Distributed coaching with Absolutely Sharded Knowledge Parallel (FSDP)

A mannequin’s reminiscence footprint contains not simply weights, but additionally gradients, optimizer states, and activations. These elements can exceed 100 GB for bigger fashions like Llama 3.1 8B in combined precision. We developed and validated the distributed coaching setup on the 1B mannequin in order that scaling to bigger architectures requires solely a configuration change, not a re-architecture of the pipeline. Commonplace Distributed Knowledge Parallel (DDP) replicates the complete mannequin on every GPU, which limits the batch measurement and mannequin scale you possibly can obtain. FSDP shards parameters, gradients, and optimizer states throughout GPUs, dynamically gathering solely what is required throughout every computation step. This diminished per-GPU mannequin state reminiscence from 9.23 GB to 1.17 GB on ml.p4d.24xlarge, liberating headroom for bigger batch sizes.

Liger Kernel integration

Liger Kernels are memory-efficient, Triton-based implementations of widespread LLM operations that fuse a number of operations into single GPU kernel launches, decreasing intermediate reminiscence allocations whereas producing numerically equal outcomes. They assist a number of in style mannequin architectures together with Llama. We advocate that you just confirm compatibility along with your structure earlier than adoption.

Integration requires minimal code adjustments: a single perform name patches the mannequin with optimized kernels earlier than instantiation, and Liger Kernels work with PyTorch FSDP with out modifications to the distributed coaching setup. We validated right execution with PyTorch Profiler, confirming fused operations within the hint. The next desk summarizes the cumulative influence of every optimization step throughout each occasion sorts. Word that DDP reminiscence and throughput on p5 cases weren’t benchmarked as a result of FSDP was the goal configuration.

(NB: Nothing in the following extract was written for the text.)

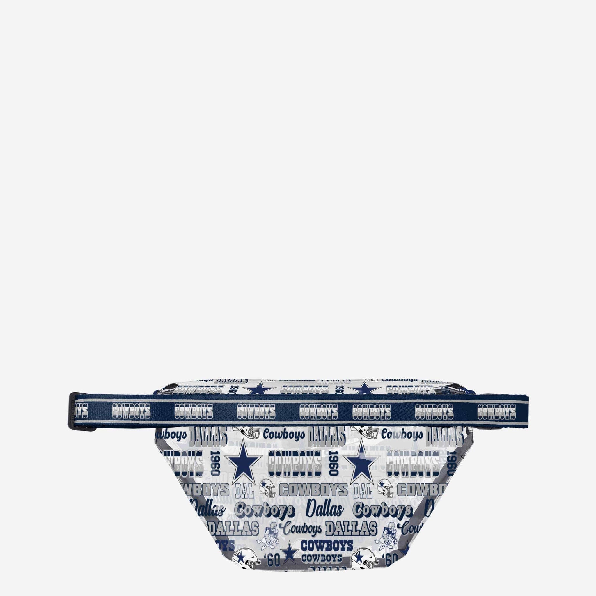 Looking for a fashionable bag for your fan fit? The answer is clear. You’ll have everything you need to be your best on gameday and every day with the Dallas Cowboys Repeat Retro Print Clear Fanny Pack.

Metric	DDP	FSDP	FSDP + Liger
Max batch measurement per GPU on ml.p4d.24xlarge (8× NVIDIA A100 GPUs)	2	4	14
Max batch measurement per GPU on ml.p5.48xlarge (8× NVIDIA H100 GPUs)	4	10	18
Peak GPU reminiscence incl. activations (GB) on ml.p5.48xlarge	—	64	27
Coaching throughput per GPU (tokens/s) on ml.p5.48xlarge	—	63,771	78,319

On ml.p4d.24xlarge, the complete optimization stack delivered a 7× enhance in most batch measurement over DDP. On ml.p5.48xlarge, peak GPU reminiscence dropped 58% and per-GPU throughput elevated 23% when including Liger Kernels to FSDP.

Pre-training setup

Every tokenizer configuration from Stage 1 was carried by CPT end-to-end to match convergence conduct and downstream high quality. With the customized Azerbaijani tokenizer (100k vocabulary), the coaching corpus quantities to roughly 2.5B tokens.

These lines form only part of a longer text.